(Source records)
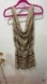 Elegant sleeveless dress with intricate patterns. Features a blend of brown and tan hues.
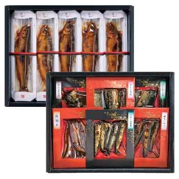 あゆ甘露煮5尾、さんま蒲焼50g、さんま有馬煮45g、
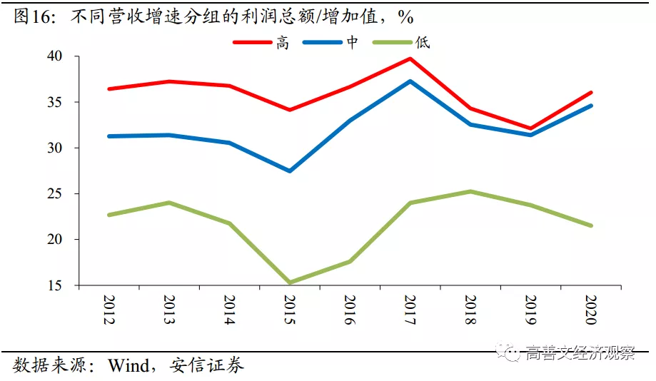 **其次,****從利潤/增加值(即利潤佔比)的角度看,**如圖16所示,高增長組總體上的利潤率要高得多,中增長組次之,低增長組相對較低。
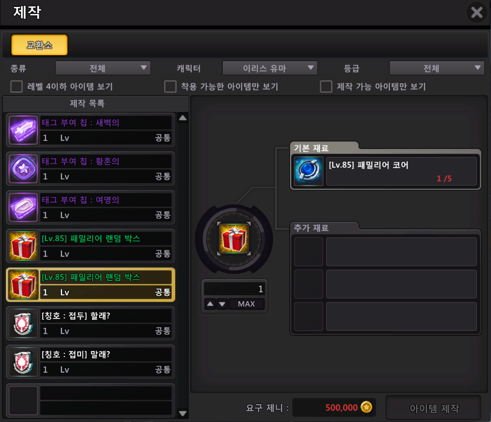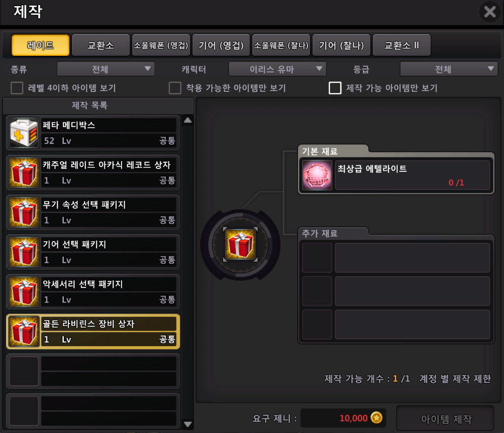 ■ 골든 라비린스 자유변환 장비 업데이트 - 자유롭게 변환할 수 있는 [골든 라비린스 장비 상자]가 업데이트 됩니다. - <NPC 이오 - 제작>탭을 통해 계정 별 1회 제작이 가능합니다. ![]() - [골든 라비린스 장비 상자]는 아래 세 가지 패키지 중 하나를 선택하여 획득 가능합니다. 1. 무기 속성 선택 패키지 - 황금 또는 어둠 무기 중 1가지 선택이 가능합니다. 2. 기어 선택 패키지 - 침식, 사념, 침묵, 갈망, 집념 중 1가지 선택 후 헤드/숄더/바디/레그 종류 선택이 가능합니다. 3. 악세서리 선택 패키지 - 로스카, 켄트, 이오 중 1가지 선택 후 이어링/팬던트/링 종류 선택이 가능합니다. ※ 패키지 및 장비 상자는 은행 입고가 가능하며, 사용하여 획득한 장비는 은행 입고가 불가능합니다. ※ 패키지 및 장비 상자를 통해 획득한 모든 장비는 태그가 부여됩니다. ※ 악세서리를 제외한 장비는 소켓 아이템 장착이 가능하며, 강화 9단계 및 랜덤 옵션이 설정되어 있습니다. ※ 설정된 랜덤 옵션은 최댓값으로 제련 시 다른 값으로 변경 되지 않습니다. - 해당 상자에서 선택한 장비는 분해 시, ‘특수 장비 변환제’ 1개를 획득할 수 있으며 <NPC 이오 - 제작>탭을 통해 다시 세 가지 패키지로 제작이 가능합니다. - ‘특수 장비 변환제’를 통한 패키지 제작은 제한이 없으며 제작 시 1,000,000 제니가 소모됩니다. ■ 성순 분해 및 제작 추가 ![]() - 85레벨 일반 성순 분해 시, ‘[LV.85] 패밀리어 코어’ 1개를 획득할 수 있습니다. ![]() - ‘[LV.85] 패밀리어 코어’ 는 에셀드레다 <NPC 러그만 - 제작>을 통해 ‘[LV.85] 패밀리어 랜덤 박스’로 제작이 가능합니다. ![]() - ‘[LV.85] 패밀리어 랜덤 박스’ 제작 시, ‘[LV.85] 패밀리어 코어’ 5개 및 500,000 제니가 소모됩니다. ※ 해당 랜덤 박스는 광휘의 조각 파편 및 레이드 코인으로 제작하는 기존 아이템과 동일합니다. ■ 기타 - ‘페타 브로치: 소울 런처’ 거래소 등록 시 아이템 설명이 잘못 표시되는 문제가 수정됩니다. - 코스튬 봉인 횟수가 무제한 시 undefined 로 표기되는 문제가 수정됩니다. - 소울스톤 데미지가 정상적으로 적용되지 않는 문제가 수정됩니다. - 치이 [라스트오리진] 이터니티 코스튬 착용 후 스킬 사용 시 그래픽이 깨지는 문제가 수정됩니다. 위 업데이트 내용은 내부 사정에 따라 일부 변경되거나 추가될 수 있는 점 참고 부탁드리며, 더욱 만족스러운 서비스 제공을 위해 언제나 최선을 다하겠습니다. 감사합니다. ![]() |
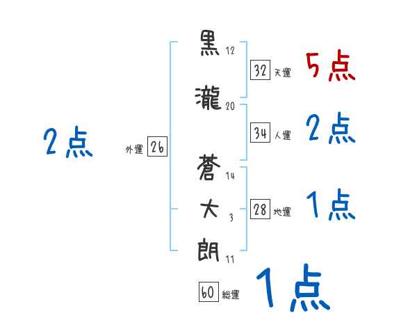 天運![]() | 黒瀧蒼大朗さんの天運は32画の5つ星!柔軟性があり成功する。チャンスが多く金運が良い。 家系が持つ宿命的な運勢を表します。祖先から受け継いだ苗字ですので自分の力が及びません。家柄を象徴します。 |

THE TASK
Before printing anything, remove the pictures; then print all the records exactly.

TASK RESPONSE
 Elegant sleeveless dress with intricate patterns. Features a blend of brown and tan hues.
 あゆ甘露煮5尾、さんま蒲焼50g、さんま有馬煮45g、
 **其次,****從利潤/增加值(即利潤佔比)的角度看,**如圖16所示,高增長組總體上的利潤率要高得多,中增長組次之,低增長組相對較低。
 ■ 골든 라비린스 자유변환 장비 업데이트 - 자유롭게 변환할 수 있는 [골든 라비린스 장비 상자]가 업데이트 됩니다. - <NPC 이오 - 제작>탭을 통해 계정 별 1회 제작이 가능합니다. ![]() - [골든 라비린스 장비 상자]는 아래 세 가지 패키지 중 하나를 선택하여 획득 가능합니다. 1. 무기 속성 선택 패키지 - 황금 또는 어둠 무기 중 1가지 선택이 가능합니다. 2. 기어 선택 패키지 - 침식, 사념, 침묵, 갈망, 집념 중 1가지 선택 후 헤드/숄더/바디/레그 종류 선택이 가능합니다. 3. 악세서리 선택 패키지 - 로스카, 켄트, 이오 중 1가지 선택 후 이어링/팬던트/링 종류 선택이 가능합니다. ※ 패키지 및 장비 상자는 은행 입고가 가능하며, 사용하여 획득한 장비는 은행 입고가 불가능합니다. ※ 패키지 및 장비 상자를 통해 획득한 모든 장비는 태그가 부여됩니다. ※ 악세서리를 제외한 장비는 소켓 아이템 장착이 가능하며, 강화 9단계 및 랜덤 옵션이 설정되어 있습니다. ※ 설정된 랜덤 옵션은 최댓값으로 제련 시 다른 값으로 변경 되지 않습니다. - 해당 상자에서 선택한 장비는 분해 시, ‘특수 장비 변환제’ 1개를 획득할 수 있으며 <NPC 이오 - 제작>탭을 통해 다시 세 가지 패키지로 제작이 가능합니다. - ‘특수 장비 변환제’를 통한 패키지 제작은 제한이 없으며 제작 시 1,000,000 제니가 소모됩니다. ■ 성순 분해 및 제작 추가 ![]() - 85레벨 일반 성순 분해 시, ‘[LV.85] 패밀리어 코어’ 1개를 획득할 수 있습니다. ![]() - ‘[LV.85] 패밀리어 코어’ 는 에셀드레다 <NPC 러그만 - 제작>을 통해 ‘[LV.85] 패밀리어 랜덤 박스’로 제작이 가능합니다. ![]() - ‘[LV.85] 패밀리어 랜덤 박스’ 제작 시, ‘[LV.85] 패밀리어 코어’ 5개 및 500,000 제니가 소모됩니다. ※ 해당 랜덤 박스는 광휘의 조각 파편 및 레이드 코인으로 제작하는 기존 아이템과 동일합니다. ■ 기타 - ‘페타 브로치: 소울 런처’ 거래소 등록 시 아이템 설명이 잘못 표시되는 문제가 수정됩니다. - 코스튬 봉인 횟수가 무제한 시 undefined 로 표기되는 문제가 수정됩니다. - 소울스톤 데미지가 정상적으로 적용되지 않는 문제가 수정됩니다. - 치이 [라스트오리진] 이터니티 코스튬 착용 후 스킬 사용 시 그래픽이 깨지는 문제가 수정됩니다. 위 업데이트 내용은 내부 사정에 따라 일부 변경되거나 추가될 수 있는 점 참고 부탁드리며, 더욱 만족스러운 서비스 제공을 위해 언제나 최선을 다하겠습니다. 감사합니다. ![]() |
 天運![]() | 黒瀧蒼大朗さんの天運は32画の5つ星!柔軟性があり成功する。チャンスが多く金運が良い。 家系が持つ宿命的な運勢を表します。祖先から受け継いだ苗字ですので自分の力が及びません。家柄を象徴します。 |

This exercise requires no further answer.